### GIVEN INFORMATION
BEGIN

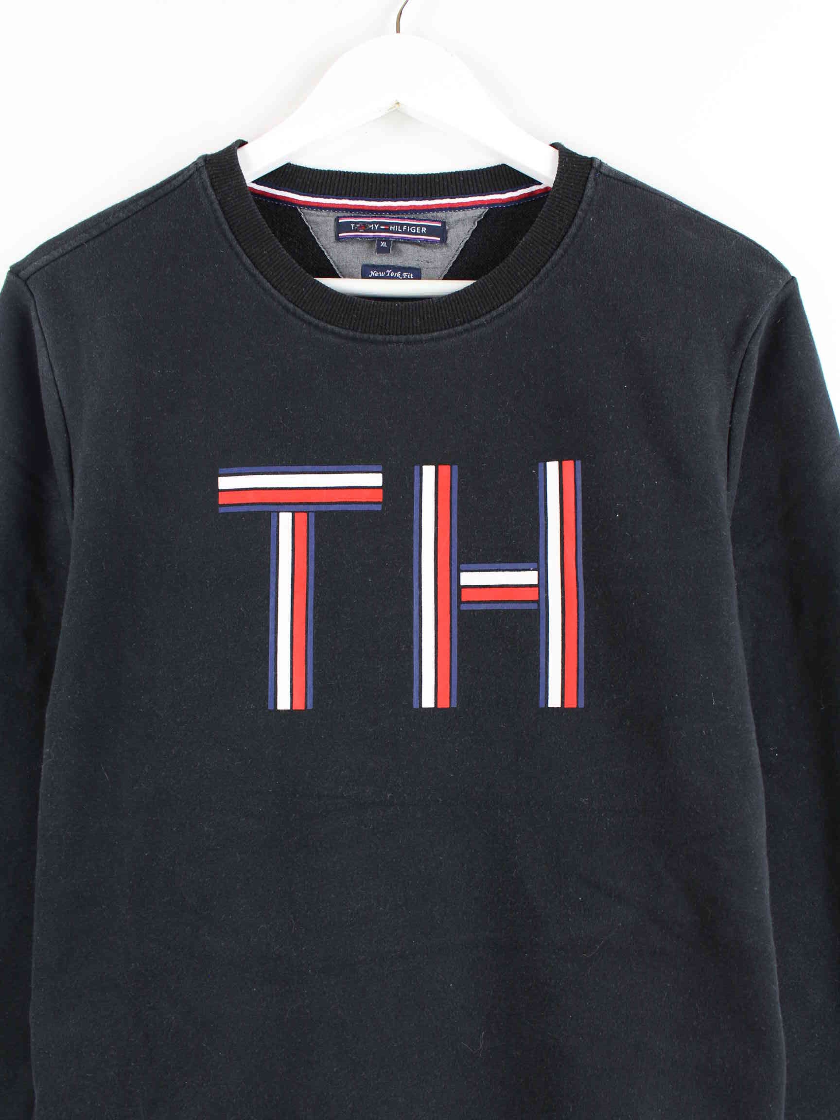 Schwarzer Sweater vom Label Tommy Hilfiger in Größe S. Er ist aus einer Baumwollmischung hergestellt und in gutem Zustand zu haben. Mit chiquem Print.
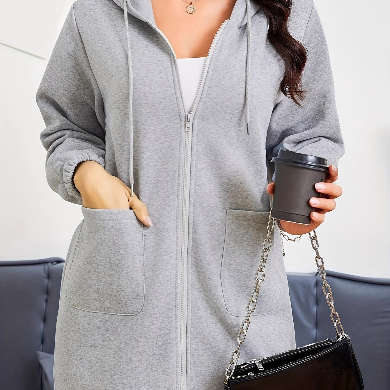 Ciesz się komfortem i swobodą z tą damską dłuższą bluzą z kapturem na zamek, idealną na chłodniejsze dni. Bluza została zaprojektowana z myślą o wygodzie, oferując luźny krój, który świetnie sprawdzi się na co dzień. Wykonana z miękkiego, przyjemnego w dotyku materiału, zapewnia ciepło i komfort noszenia. Kaptur z regulowanym sznurkiem oraz elastyczne mankiety dodają funkcjonalności, a pojemne kieszenie z przodu pozwalają na przechowywanie drobnych przedmiotów lub ogrzanie rąk.
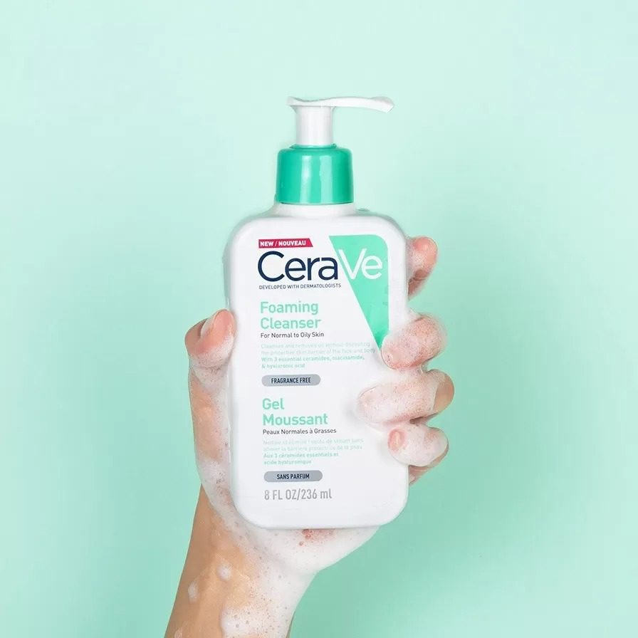CeraVe Foaming Cleanser is a gentle yet effective face wash designed for normal to oily skin. This non-drying foaming formula removes excess oil, dirt, and makeup without disrupting the skin's natural protective barrier. It contains three essential ceramides, niacinamide, and hyaluronic acid to restore the skin's barrier and retain moisture while soothing irritation. This cleanser provides a refreshing clean feeling without leaving the skin feeling tight or dry, making it ideal for daily use.

END

### TASK DIRECTIONS
Transcribe every line of the data exactly. No pictures go in the copy.

### EXPECTED ANSWER
 Schwarzer Sweater vom Label Tommy Hilfiger in Größe S. Er ist aus einer Baumwollmischung hergestellt und in gutem Zustand zu haben. Mit chiquem Print.
 Ciesz się komfortem i swobodą z tą damską dłuższą bluzą z kapturem na zamek, idealną na chłodniejsze dni. Bluza została zaprojektowana z myślą o wygodzie, oferując luźny krój, który świetnie sprawdzi się na co dzień. Wykonana z miękkiego, przyjemnego w dotyku materiału, zapewnia ciepło i komfort noszenia. Kaptur z regulowanym sznurkiem oraz elastyczne mankiety dodają funkcjonalności, a pojemne kieszenie z przodu pozwalają na przechowywanie drobnych przedmiotów lub ogrzanie rąk.
CeraVe Foaming Cleanser is a gentle yet effective face wash designed for normal to oily skin. This non-drying foaming formula removes excess oil, dirt, and makeup without disrupting the skin's natural protective barrier. It contains three essential ceramides, niacinamide, and hyaluronic acid to restore the skin's barrier and retain moisture while soothing irritation. This cleanser provides a refreshing clean feeling without leaving the skin feeling tight or dry, making it ideal for daily use.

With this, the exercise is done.